2. the integral on face of Mod(J) for different cut-sections varies. why?

on face No.6 highlight in the right pic.

 

on face No.20 highlight in the right pic.

if I can send you the Flux project to make it more clear?

Thanks. 

Mohammed Elamin_22169

Wenjun Zhu said:

to get the current in the copper ring, you mean using the integration on face (like the cut-section of the ring) of the Mod(J)?  But it is weird that different results on the two cut-sections.

Consider this new model below. a copper wire carries AC current in the centre. Rectangle shaped steel forms a closed loop which the induced current flows in.

Questions:

1. the reactive power on the centre copper wire from the compute on region is 18.4 Var, but from the circuit solid conductor is 732.9Var.  Huge gap there.

2. the integral on face of Mod(J) for different cut-sections varies. why?

on face No.6 highlight in the right pic.

 

on face No.20 highlight in the right pic.

if I can send you the Flux project to make it more clear?

Thanks. 

Hi Wenjun, 

1- This is normal. The reactive power measured by the region it is only for the wire. while the one measured by the solid conductor not only include the reactive power for the wire but the one leaked to the air and the one induced on the steel loop. As the solid conductor is connected to the source and it has to respect the power balance. You can double check this by computing the reactive power on the entire domain (or on other region) and check if it balance out.

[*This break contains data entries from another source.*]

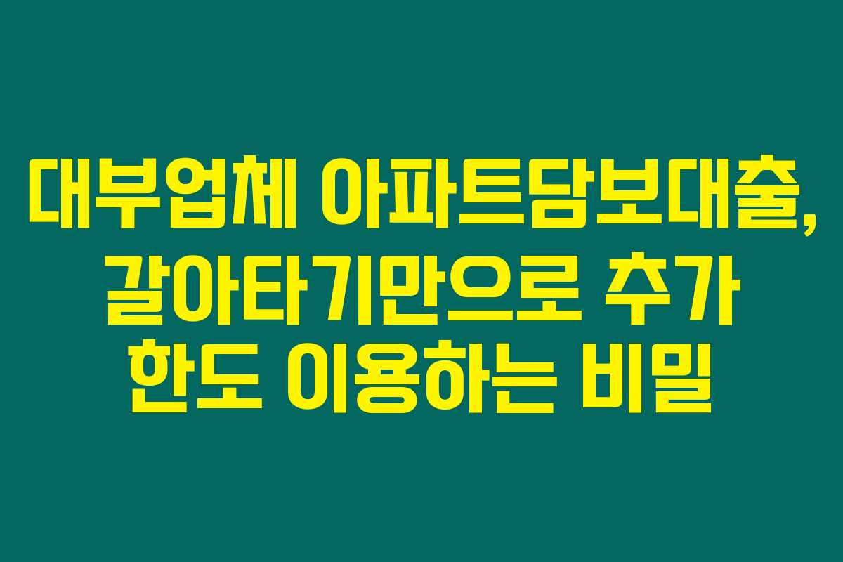 대부업체의 아파트담보대출 상품을 활용하고 싶으신 분들은 다소 까다로운 조건이 붙을 수 있습니다. 특히, 급여 소득자의 경우 아파트에 대한 자산을 확보하고 있어야만 대환대출 진행이 가능하므로 신중한 점검이 필요해요.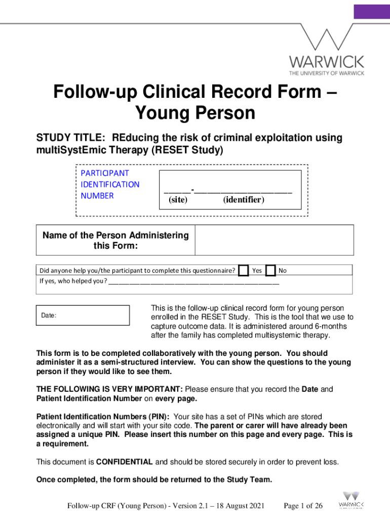 Get the free warwick.ac.ukfacsocFollow-up Clinical Record Form Young Person - warwick.ac.uk - war...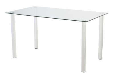 Mesa muy funcional que destaca por su diseño y su excelente precio. Posee una tapa fabricada en melamina de alta calidad con dos cristales decorativos, teniendo las patas fabricadas en DM. Está disponible en dos colores: en blanco y cambria con los cristales negros.

2. As the current on the loop is induced, I don' expect it to have a uniform density and direction along the loop (like the case when it supplied with current using source). Hence, the two faces having different values might be normal. I think it would make sense to do the integration over the volume of interest instead of the faces. 

I hope this helps, 

Wenjun Zhu

Mohammed Elamin_22169 said:

Hi Wenjun, 

1- This is normal. The reactive power measured by the region it is only for the wire. while the one measured by the solid conductor not only include the reactive power for the wire but the one leaked to the air and the one induced on the steel loop. As the solid conductor is connected to the source and it has to respect the power balance. You can double check this by computing the reactive power on the entire domain (or on other region) and check if it balance out.

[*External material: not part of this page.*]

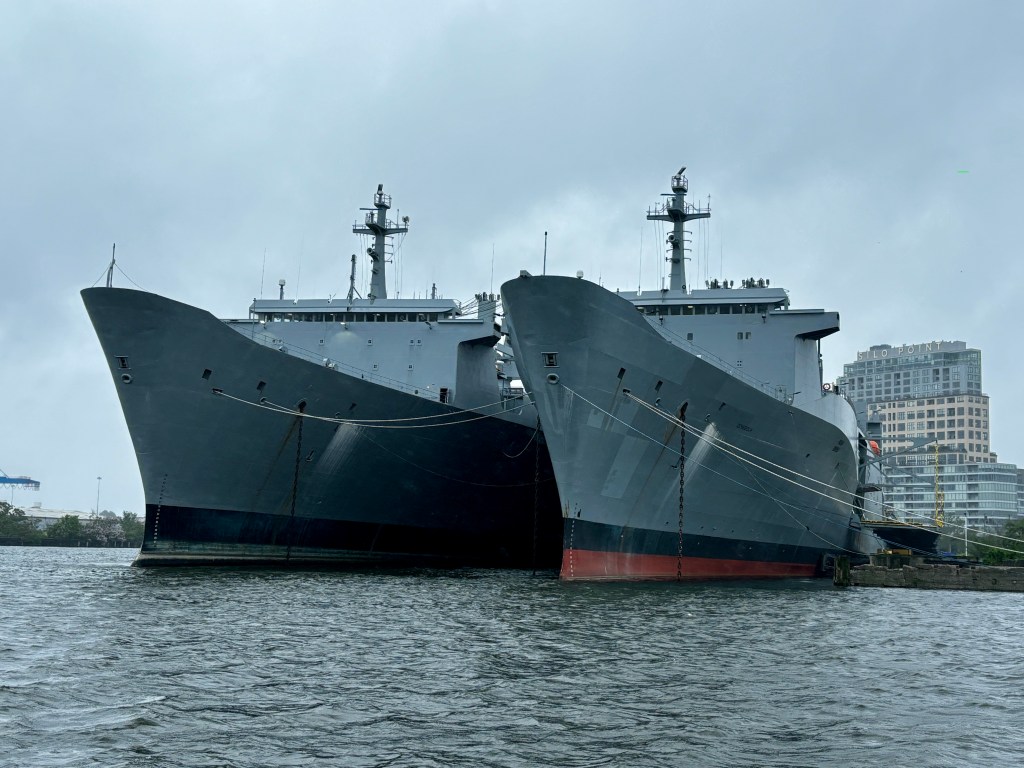 These ships are part of the U.S. Navy’s Ready Reserve Force designed to supply American troops around the world very quickly. Ships in the force are positioned at ports along the eastern and western seaboards and the Gulf of Mexico.

2. As the current on the loop is induced, I don' expect it to have a uniform density and direction along the loop (like the case when it supplied with current using source). Hence, the two faces having different values might be normal. I think it would make sense to do the integration over the volume of interest instead of the faces. 

I hope this helps, 

Thanks for your patient!  one more thing is the unit for J or Mod(J) would be A/m2. but taking the integration over volume (m3) , ends up in A*m.  that's not the current, right?